The Ultimate Cleanup Combo
Combine TRIM and CLEAN:
=TRIM(CLEAN(A2))
Extracting and Splitting Data
Text to Columns
When names are "LastName, FirstName" and you need separate columns:
- Select the column
- Go to Data > Text to Columns
- Choose Delimited
- Select comma as delimiter
- Finish
Formula Extraction
Extract first name from "FirstName LastName":
=LEFT(A2, FIND(" ", A2) - 1)
Extract last name:
=RIGHT(A2, LEN(A2) - FIND(" ", A2))
With TEXTSPLIT (Excel 365):
=TEXTSPLIT(A2, " ")
Fixing Date Problems
Dates Stored as Text
When dates look like dates but Excel treats them as text:
Method 1: Multiply by 1
=A2 * 1
Method 2: DATEVALUE
=DATEVALUE(A2)
Method 3: Text to Columns
- Select the date column
- Data > Text to Columns
- Next > Next
- Choose Date format (MDY, DMY, etc.)
- Finish
Inconsistent Date Formats
When you have "1/5/2024" and "January 5, 2024" mixed:
Create a helper column with:
=TEXT(DATEVALUE(A2), "YYYY-MM-DD")
Find and Replace Magic
Ctrl + H opens Find and Replace.

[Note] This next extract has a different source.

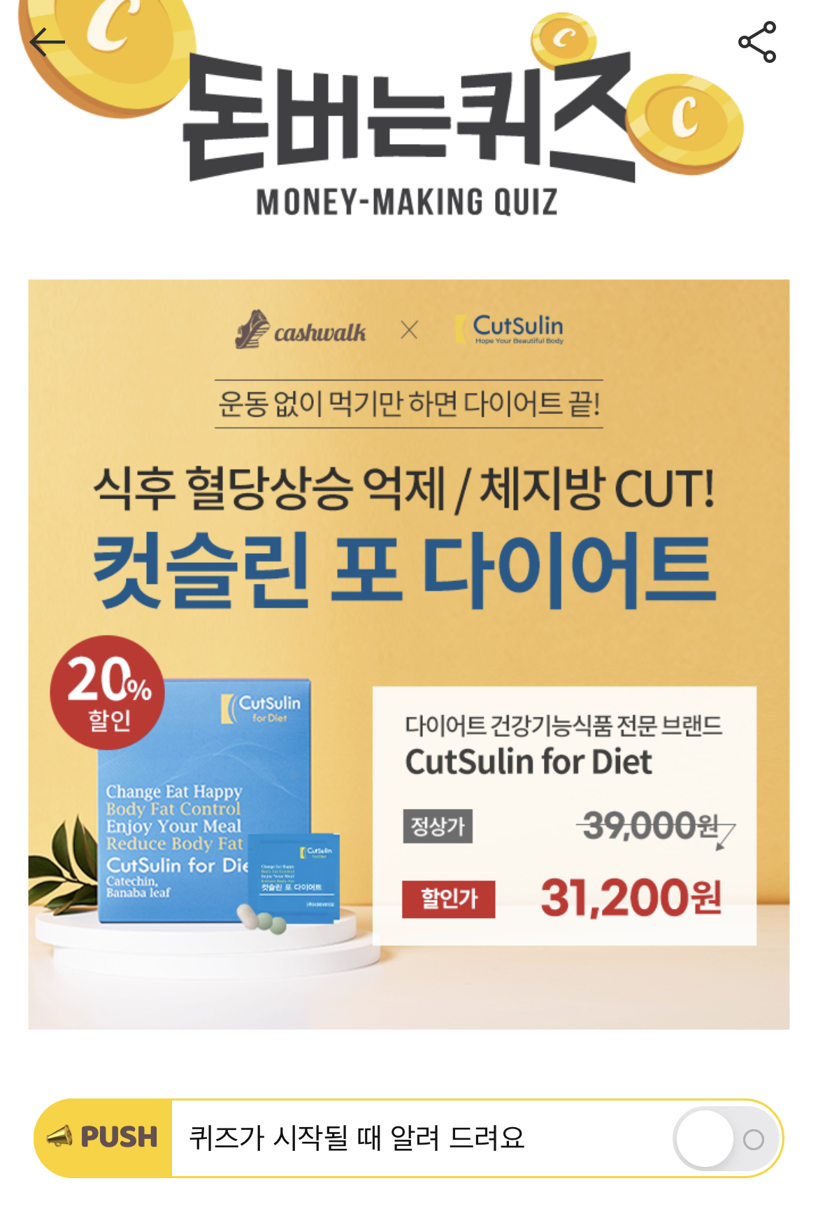 캐시워크 돈버는퀴즈 정답 컷슬린 포 다이어트 단어

It's more powerful than most realize.
Remove All Spaces
Find: (one space) Replace: (empty)
Standardize Abbreviations
Find: Street Replace: St
Find: Avenue Replace: Ave
Remove Line Breaks
Find: Ctrl + J (inserts line break character) Replace: (space or empty)
Use Wildcards
Enable "Use wildcards" option:
*matches any sequence of characters?matches any single character~escapes special characters
Find: Mr.*
Replace: (empty)
Removes "Mr." followed by anything.
Handling Blank Cells
Find and Select Blanks
- Select your data range
- Press F5 (or Ctrl+G) > Special
- Choose "Blanks"
- All blank cells are selected
Now you can:
- Delete rows: Right-click > Delete > Entire Row
- Fill with value: Type a value and press Ctrl + Enter
- Fill from above: Press Ctrl + D
Fill Blanks with Value Above
- Select data range
- Go to (F5) > Special > Blanks
- Type
=and click the cell above (or press Up Arrow) - Press Ctrl + Enter
Number Issues
Text to Numbers
When numbers have the green triangle warning:
- Select the range
- Click the warning icon
- Choose "Convert to Number"
Or use formula:
=VALUE(A2)
Remove Number Formatting Symbols
Clean currency, percentages, etc.:
=VALUE(SUBSTITUTE(SUBSTITUTE(A2, "$", ""), ",", ""))
Power Query: The Professional Choice
For complex or recurring cleaning tasks, Power Query is the answer.
Access Power Query
- Select your data
- Go to Data > From Table/Range
- Power Query Editor opens
Common Power Query Transformations
- Remove duplicates: Right-click column header
- Split column: Right-click > Split Column
- Replace values: Right-click > Replace Values
- Change type: Click column type icon
- Trim/Clean: Add Column > Format > Trim/Clean
Why Power Query?
- Repeatable: Steps are recorded and can be applied to new data
- Non-destructive: Original data remains unchanged
- Powerful: Handles transformations formulas can't easily do
- Connected: Can pull from multiple sources
Data Validation: Prevent Future Messes
After cleaning, prevent new errors:
Dropdown Lists
- Select target cells
- Data > Data Validation
- Allow: List
- Source: Your list of valid options
Number Ranges
- Data > Data Validation
- Allow: Whole number (or Decimal)
- Set minimum and maximum
Date Ranges
Restrict to valid date ranges to prevent typos.
Automation with Macros
If you clean similar data repeatedly, record a macro:
- Go to View > Macros > Record Macro
- Perform your cleaning steps
- Stop recording
- Run the macro on new data
Final Steps
After cleaning:
- Spot check: Manually review a sample
- Validate: Use COUNTBLANK, COUNTIF to verify
- Document: Note what you did (for next time)
- Backup: Keep original data in a separate sheet
Conclusion
Data cleaning is where real analysis begins. A well-cleaned dataset reveals insights that messy data hides. Master these techniques, and you'll spend less time fighting your data and more time finding answers in it.
Start with the basics: TRIM, Remove Duplicates, Find & Replace. Graduate to Power Query for complex transformations. Your future self (and anyone else who uses your spreadsheets) will thank you.